_GIVEN INFORMATION_
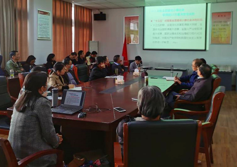 会上,思想政治教育系主任严仍昱教授带领大家学习了十九届五中全会精神,阐述了十九届五中全会的基本情况和重要意义,详细解读了《中共中央关于制定国民经济和社会发展第十四个五年规划和二〇三五年远景目标的建议》的主要内容。会议还学习了《深化新时代教育评价改革总体方案》和习近平在纪念中国人民志愿军抗美援朝出国作战70周年大会上的讲话。
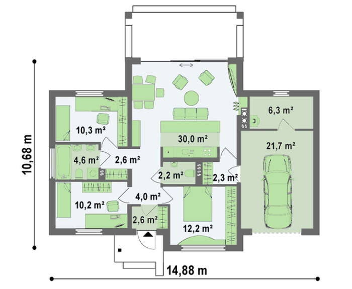 • 4M068 Проект невеликого одноповерхового котеджу площею 109 m²
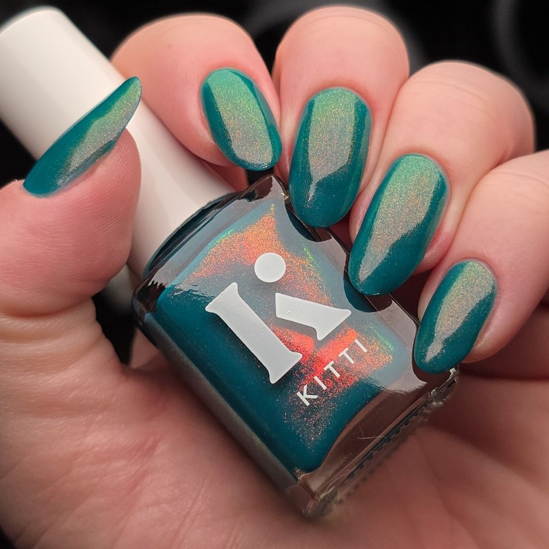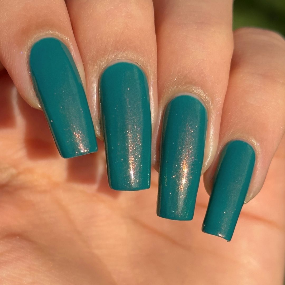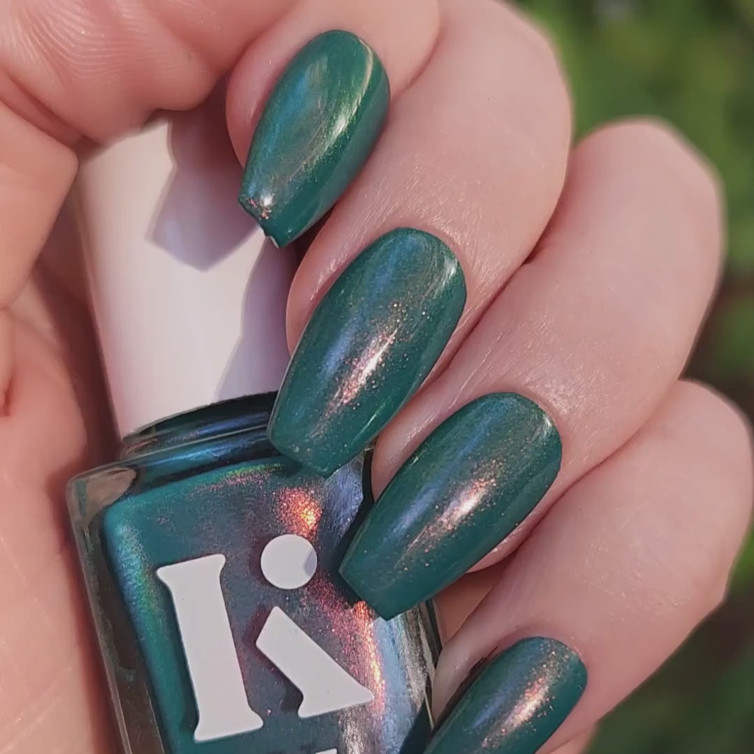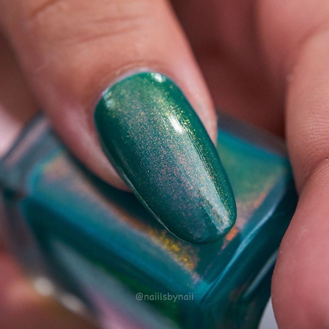 Hardware Hero is a deep teal nail polish with a shifting red, orange to green shimmer.
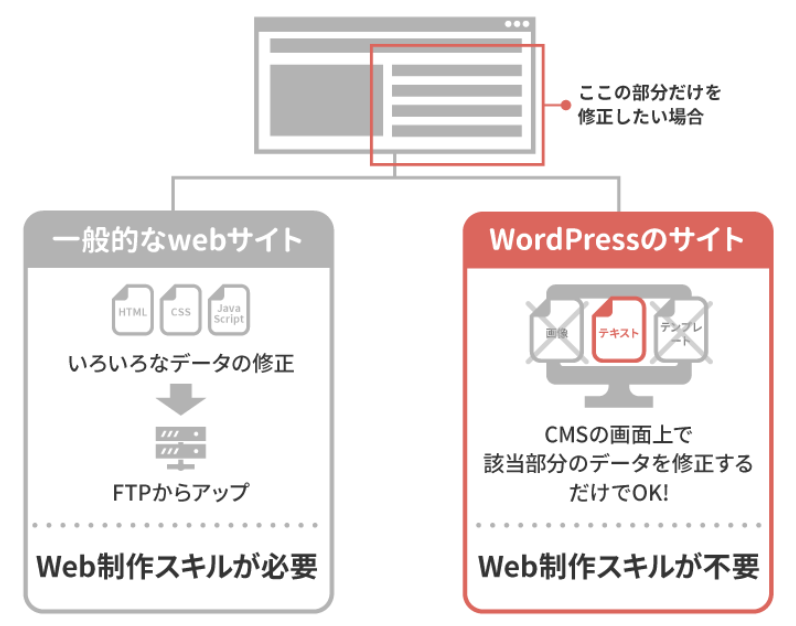 HTMLやCSSの知識がなくてもマウスとキーボード操作によりコンテンツの作成や編集が簡単に行えるメリットがあります。
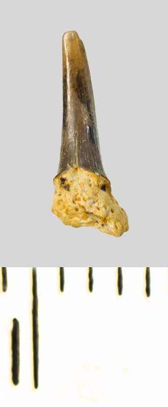 Коронка мелкого бокового зуба серого цвета, колюще-режущего типа, S-образно изогнутая, с гладким режущим краем. С лингвальной стороны у основания коронки на эмали имеется скульптура в виде слабой продольной струйчатости. Корень охристый, сохранился фрагментарно
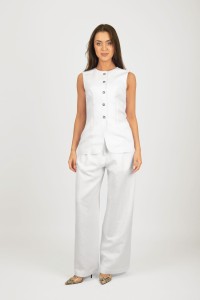 Lniane spodnie z szeroką nogawką – swoboda i styl w letnim wydaniu. Eleganckie spodnie wykonane z naturalnej mieszanki lnu i wiskozy to doskonała baza letnich stylizacji. Model o luźnym kroju z szeroką nogawką gwarantuje komfort noszenia, a zarazem prezentuje się niezwykle stylowo i lekko. Tkanina jest przewiewna, delikatna w dotyku i doskonale układa się na sylwetce. Spodnie mają wysoki stan, delikatne zakładki z przodu oraz dyskretne kieszenie po bokach, dodają casualowej elegancji całej stylizacji. Świetnie sprawdzą się zarówno w duecie z kamizelką NISA, żakietem ELIF jak i w codziennych zestawach z topem czy koszulą.

_ASSIGNMENT_
Transcribe the listing in full and omit the pictures.

_OUTPUT BELOW_
 会上,思想政治教育系主任严仍昱教授带领大家学习了十九届五中全会精神,阐述了十九届五中全会的基本情况和重要意义,详细解读了《中共中央关于制定国民经济和社会发展第十四个五年规划和二〇三五年远景目标的建议》的主要内容。会议还学习了《深化新时代教育评价改革总体方案》和习近平在纪念中国人民志愿军抗美援朝出国作战70周年大会上的讲话。
 • 4M068 Проект невеликого одноповерхового котеджу площею 109 m²
 Hardware Hero is a deep teal nail polish with a shifting red, orange to green shimmer.
 HTMLやCSSの知識がなくてもマウスとキーボード操作によりコンテンツの作成や編集が簡単に行えるメリットがあります。
 Коронка мелкого бокового зуба серого цвета, колюще-режущего типа, S-образно изогнутая, с гладким режущим краем. С лингвальной стороны у основания коронки на эмали имеется скульптура в виде слабой продольной струйчатости. Корень охристый, сохранился фрагментарно
 Lniane spodnie z szeroką nogawką – swoboda i styl w letnim wydaniu. Eleganckie spodnie wykonane z naturalnej mieszanki lnu i wiskozy to doskonała baza letnich stylizacji. Model o luźnym kroju z szeroką nogawką gwarantuje komfort noszenia, a zarazem prezentuje się niezwykle stylowo i lekko. Tkanina jest przewiewna, delikatna w dotyku i doskonale układa się na sylwetce. Spodnie mają wysoki stan, delikatne zakładki z przodu oraz dyskretne kieszenie po bokach, dodają casualowej elegancji całej stylizacji. Świetnie sprawdzą się zarówno w duecie z kamizelką NISA, żakietem ELIF jak i w codziennych zestawach z topem czy koszulą.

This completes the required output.